**Collected material:**

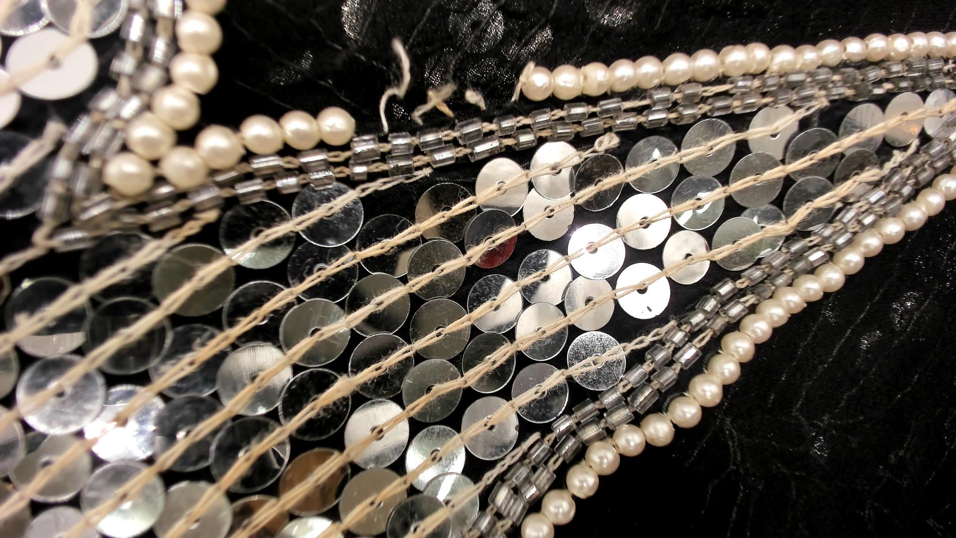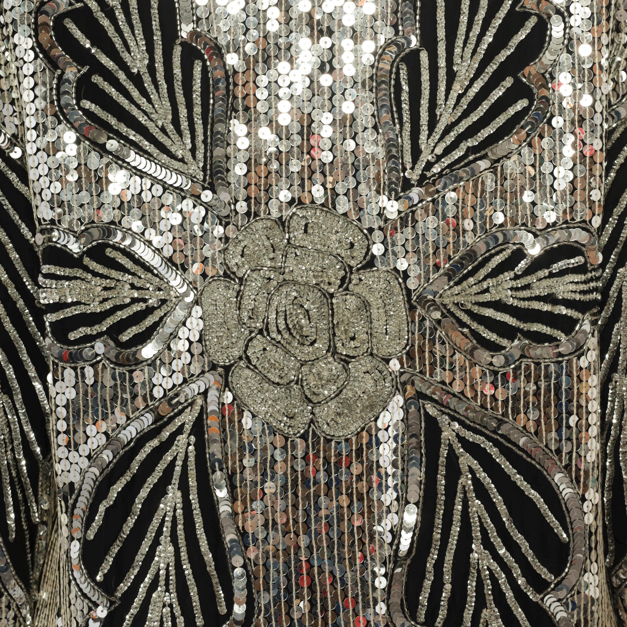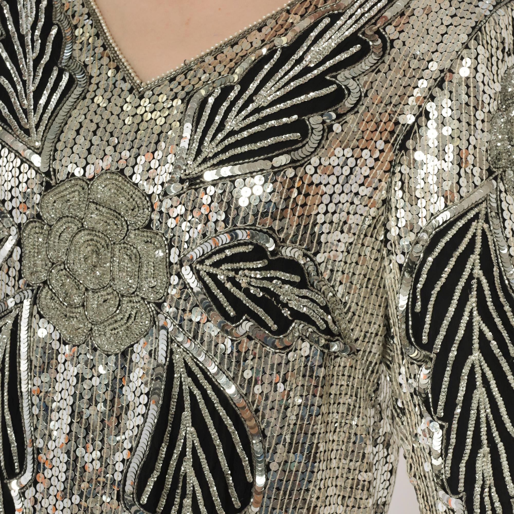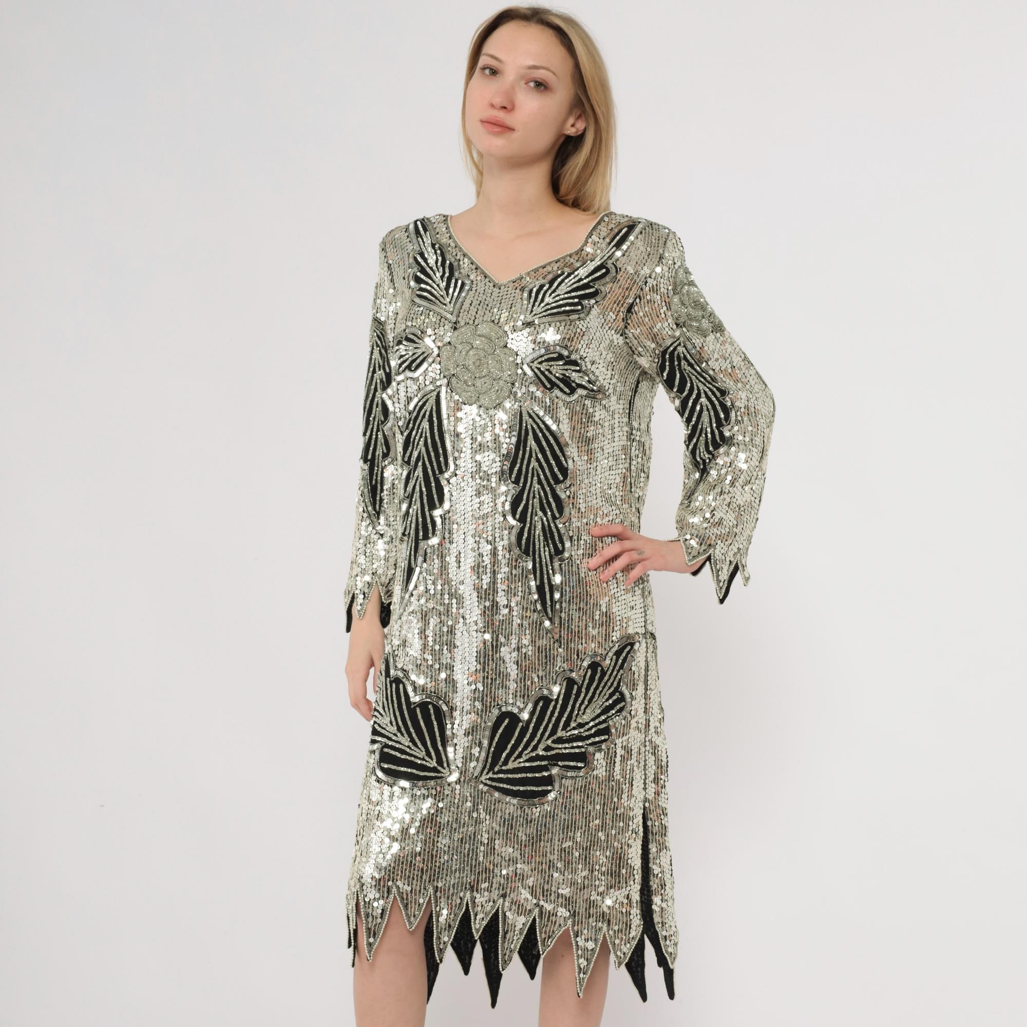 90s silver and black sequined midi dress in silk. Art deco-inspired geometric leaf pattern with vertical sequined lines throughout. Long sleeves with pointed scalloped hem detail, V-neckline, straight silhouette.
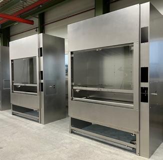 Wieder stehen drei kundenspezifische Edelstahl-Sicherheitskabinen für die Herstellung von Arzneimittel bereit für die Ausrüstung und FAT (Werksabnahme). Demnächst werden sie demontiert und zwei davon treten eine Reise nach Spanien an.
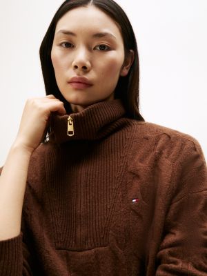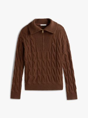 Zopfstrick-Wollpullover mit Viertelreißverschluss

**Assigned task:**
Only the lines from the one containing "Wieder stehen drei" through the final line of the listing should be reproduced, exactly and with no pictures.

**Response to the task:**
 Wieder stehen drei kundenspezifische Edelstahl-Sicherheitskabinen für die Herstellung von Arzneimittel bereit für die Ausrüstung und FAT (Werksabnahme). Demnächst werden sie demontiert und zwei davon treten eine Reise nach Spanien an.
 Zopfstrick-Wollpullover mit Viertelreißverschluss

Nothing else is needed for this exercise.